5.7.3 Equal variances

Equal variances. The variances of the populations are equal

We can use Levene’s test to check homogeneity of variances

\(H_0:\) variances are equal
\(H_1:\) variances are not equal

library(car)

Loading required package: carData

leveneTest(weight ~ group, data = d)

Levene's Test for Homogeneity of Variance (center = median)
      Df F value Pr(>F)
group  2  1.1192 0.3412
      27

\(\alpha = 0.05\), test statistic = 1.1192, p-value = 0.3412

p-value \(> \alpha\), we fail to reject the null hypothesis. There is not evidence to suggest that variance across groups is statistically different. Therefore we can assume the homogeneity of variances in the different groups.

A general rule of thumb for equal variances is to compare the largest and smallest sample variances. If the ratio of largest to smallest variance is smaller than 3, then it may be that the assumption is not violated.

5.8 Tukey multiple pairwise-comparisons

In ANOVA, we test whether some of the group means are different. However, if the results are significant, we do not know which pairs of means are different.

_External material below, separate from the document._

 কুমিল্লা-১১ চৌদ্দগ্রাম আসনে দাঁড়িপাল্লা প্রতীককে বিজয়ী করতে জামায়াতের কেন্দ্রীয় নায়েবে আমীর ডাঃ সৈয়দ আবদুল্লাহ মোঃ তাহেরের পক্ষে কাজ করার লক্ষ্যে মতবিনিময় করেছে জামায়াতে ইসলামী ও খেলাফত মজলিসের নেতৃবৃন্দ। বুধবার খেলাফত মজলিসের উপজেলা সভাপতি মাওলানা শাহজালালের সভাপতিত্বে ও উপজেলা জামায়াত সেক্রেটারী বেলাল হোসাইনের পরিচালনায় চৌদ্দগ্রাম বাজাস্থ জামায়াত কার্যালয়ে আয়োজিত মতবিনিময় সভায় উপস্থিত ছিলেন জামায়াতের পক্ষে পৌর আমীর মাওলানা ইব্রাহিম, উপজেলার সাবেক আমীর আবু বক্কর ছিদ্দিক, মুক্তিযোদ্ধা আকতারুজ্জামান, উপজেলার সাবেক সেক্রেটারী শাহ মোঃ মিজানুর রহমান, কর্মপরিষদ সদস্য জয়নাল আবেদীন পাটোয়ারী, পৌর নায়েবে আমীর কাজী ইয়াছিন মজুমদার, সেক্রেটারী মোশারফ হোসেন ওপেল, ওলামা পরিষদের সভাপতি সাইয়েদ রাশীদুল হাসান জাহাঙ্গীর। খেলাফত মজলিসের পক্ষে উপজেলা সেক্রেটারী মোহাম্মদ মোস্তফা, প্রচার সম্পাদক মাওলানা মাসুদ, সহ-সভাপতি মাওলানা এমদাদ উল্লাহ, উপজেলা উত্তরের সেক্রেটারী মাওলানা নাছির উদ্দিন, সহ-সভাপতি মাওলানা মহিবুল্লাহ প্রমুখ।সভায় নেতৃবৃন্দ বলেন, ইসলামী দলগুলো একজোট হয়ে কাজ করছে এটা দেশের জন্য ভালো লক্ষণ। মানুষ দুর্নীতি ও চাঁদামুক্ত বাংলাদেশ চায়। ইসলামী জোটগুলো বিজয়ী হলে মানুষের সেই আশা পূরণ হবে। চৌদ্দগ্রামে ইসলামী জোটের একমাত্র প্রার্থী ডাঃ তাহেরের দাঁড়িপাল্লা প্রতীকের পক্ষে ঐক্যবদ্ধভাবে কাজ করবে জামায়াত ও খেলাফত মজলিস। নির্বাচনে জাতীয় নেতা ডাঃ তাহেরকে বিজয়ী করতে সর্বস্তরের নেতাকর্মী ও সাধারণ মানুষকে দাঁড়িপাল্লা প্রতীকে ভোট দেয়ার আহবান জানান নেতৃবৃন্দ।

We can perform a Tukey test to perform multiple pairwise-comparisons and determine if the mean difference between specific pairs of group are statistically significant.

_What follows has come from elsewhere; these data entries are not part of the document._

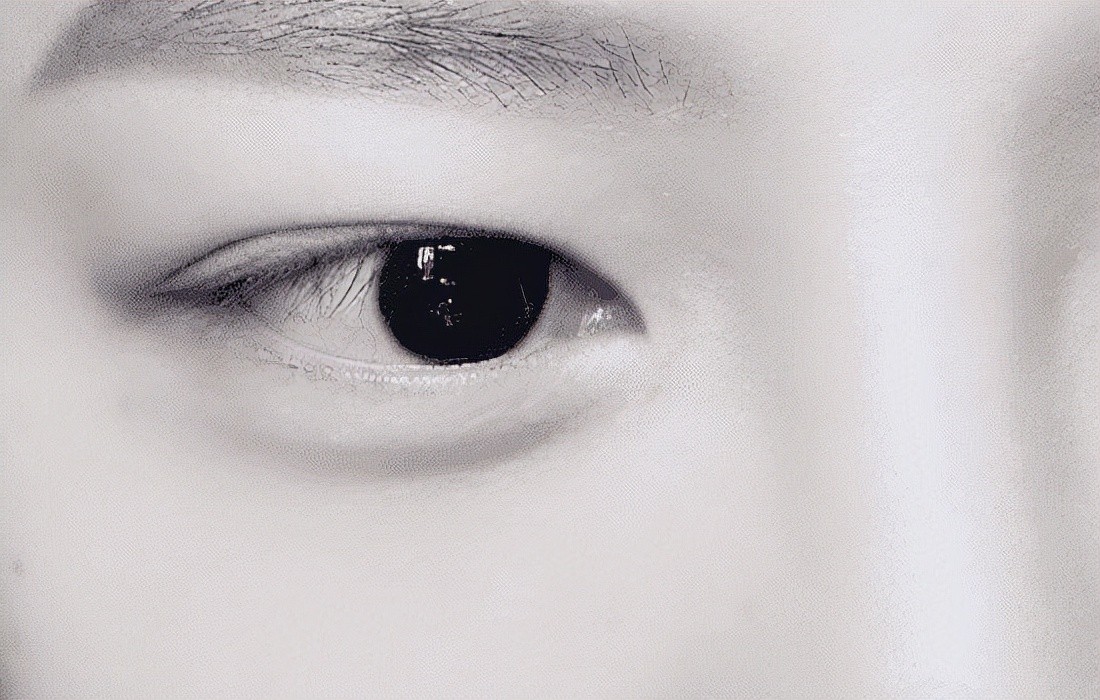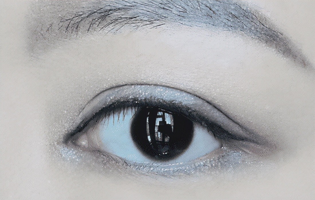 再用黑闪色在眼尾的三角区域轻轻晕染,加深眼窝,再用余粉加深眼头三角区域,涂抹在整条外眼线位置并稍加晕染。
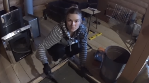 Установка печи на деревянный пол. Дело идет быстрее, когда жена помогает
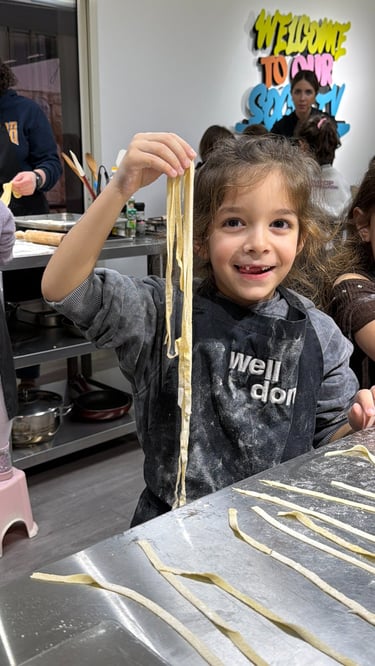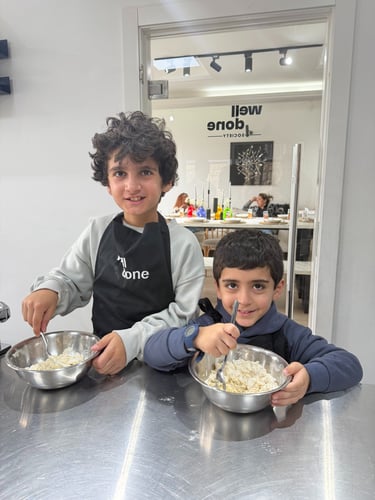 Host a fun and interactive private cooking playdate at Well Done Society! Each child gets their own station to prepare a main dish and dessert from scratch under the guidance of our professional team. Aprons are provided, and after cooking, kids dine in our indoor or outdoor terrace seating area and enjoy their creations with juice. You get full flexibility to choose the date, time, and menu for your private playdate. Parents can relax nearby with complimentary coffee and tea, with optional catering available.
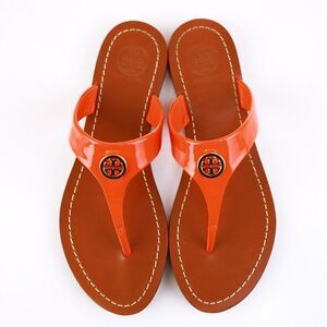 Tory Burch CAMERON Patent Leather Thong Fire Orange 5.5

We can use the function TukeyHSD() (Tukey’s ‘Honest Significant Difference’).

TukeyHSD(res)

  Tukey multiple comparisons of means
    95% family-wise confidence level

Fit: aov(formula = weight ~ group, data = d)

$group
            diff        lwr       upr     p adj
trt1-ctrl -0.371 -1.0622161 0.3202161 0.3908711
trt2-ctrl  0.494 -0.1972161 1.1852161 0.1979960
trt2-trt1  0.865  0.1737839 1.5562161 0.0120064

The output shows the following:

diff is the difference between means of the two groups
lwr, upr are the lower and the upper limits of 95% confidence intervals, respectively
p adj is the p-value after adjustment for multiple comparisons

In this example the output shows that the only significant difference is between group trt2 and trt1 (p-value = 0.012). The confidence interval for trt2 - trt1 does not include 0. So we reject the null hypothesis that there is no difference in group trt2 and trt1 means.

5.9 t tests

ANOVA is used to compare the means of two or more than two populations. The t-test is used to compare the means of two populations.

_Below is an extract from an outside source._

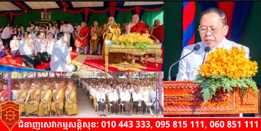 លោកបណ្ឌិតរដ្ឋមន្ត្រី បានពាំនាំនូវប្រសាសន៍ផ្តាំផ្ញើសួរសុខទុក្ខ ពីសំណាក់ សម្តេចតេជោ ហ៊ុន សែន ប្រធានព្រឹទ្ធសភា សម្តេចកិត្តិព្រឹទ្ធបណ្ឌិត ប៊ុន រ៉ានី ហ៊ុនសែន សម្តេចមហាបវរធិបតី ហ៊ុន ម៉ាណែត នាយករដ្ឋមន្ត្រី និងលោកជំទាវបណ្ឌិត ពេជ ចន្ទមុន្នី ហ៊ុនម៉ាណែត ថ្វាយ ប្រគេន និងជូនដល់សម្តេចជាអម្ចាស់ ព្រះរាជគណៈ ព្រះថេរានុត្ថេរៈគ្រប់ព្រះអង្គ លោក លោកស្រី លោកអ្នកឧកញ៉ា អ្នកឧកញ៉ា ឧកញ៉ា លោក លោកស្រី មន្ត្រីរាជការ កងកម្លាំងប្រដាប់អាវុធ លោកតា លោកយាយ លោកគ្រូ អ្នកគ្រូ សិស្សានុសិស្ស ព្រមទាំងពុទ្ធបរិស័ទទាំងអស់ ដែលបាន យាង និមន្ត និងអញ្ជើញចូលរួមនៅក្នុងពិធីនាថ្ងៃនេះ។
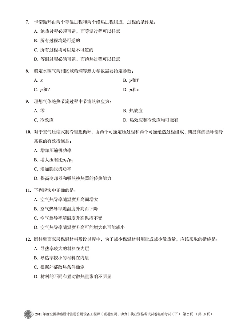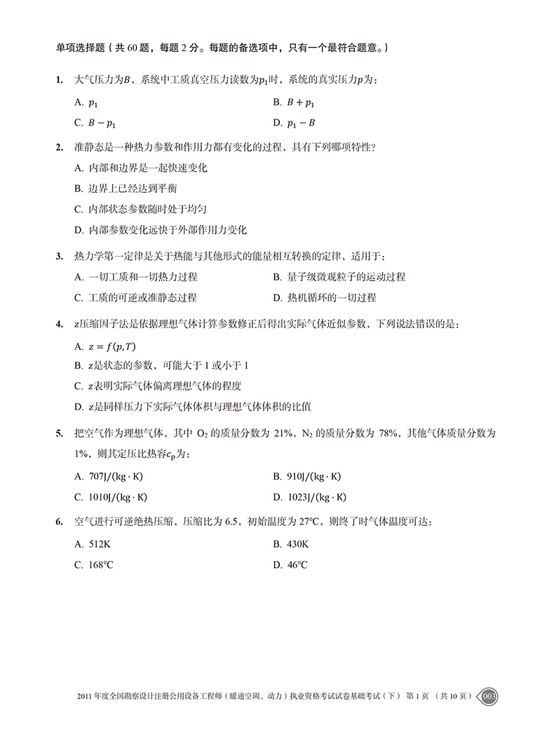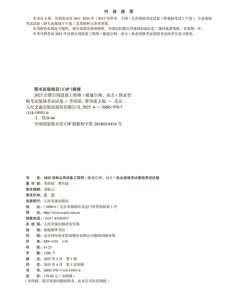 书名:2025注册公用设备工程师(暖通空调、动力)执业资格考试基础考试试卷

When we only have two groups ANOVA and the t-test give the same results.

Example

Suppose we want to test whether the average women’s weight differs from the average men’s weight.

\(H_0: \mu_w = \mu_m\)
\(H_1: \mu_w \neq \mu_m\)

We take a sample with the weights of 18 individuals (9 women and 9 men).

women_weight <- c(41.5, 59.3, 73.3, 69.5, 46.2, 41.5, 26.3, 33.4, 65)
men_weight <- c(65.9, 55.8, 67.5, 65.5, 71.1, 89.1, 58.9, 66.8, 65.2)
d <- data.frame(group = rep(c("Woman", "Man"), each = 9),
                weight = c(women_weight, men_weight))

ANOVA

summary(aov(weight ~ group, data = d))

            Df Sum Sq Mean Sq F value Pr(>F)  
group        1   1247  1246.7    6.81  0.019 *
Residuals   16   2929   183.1                 
---
Signif. codes:  0 '***' 0.001 '**' 0.01 '*' 0.05 '.' 0.1 ' ' 1

The test statistic is F = Between groups variability / Within groups variability = 6.81 \[F = MSB/MSW \sim F(k-1, n-k)\]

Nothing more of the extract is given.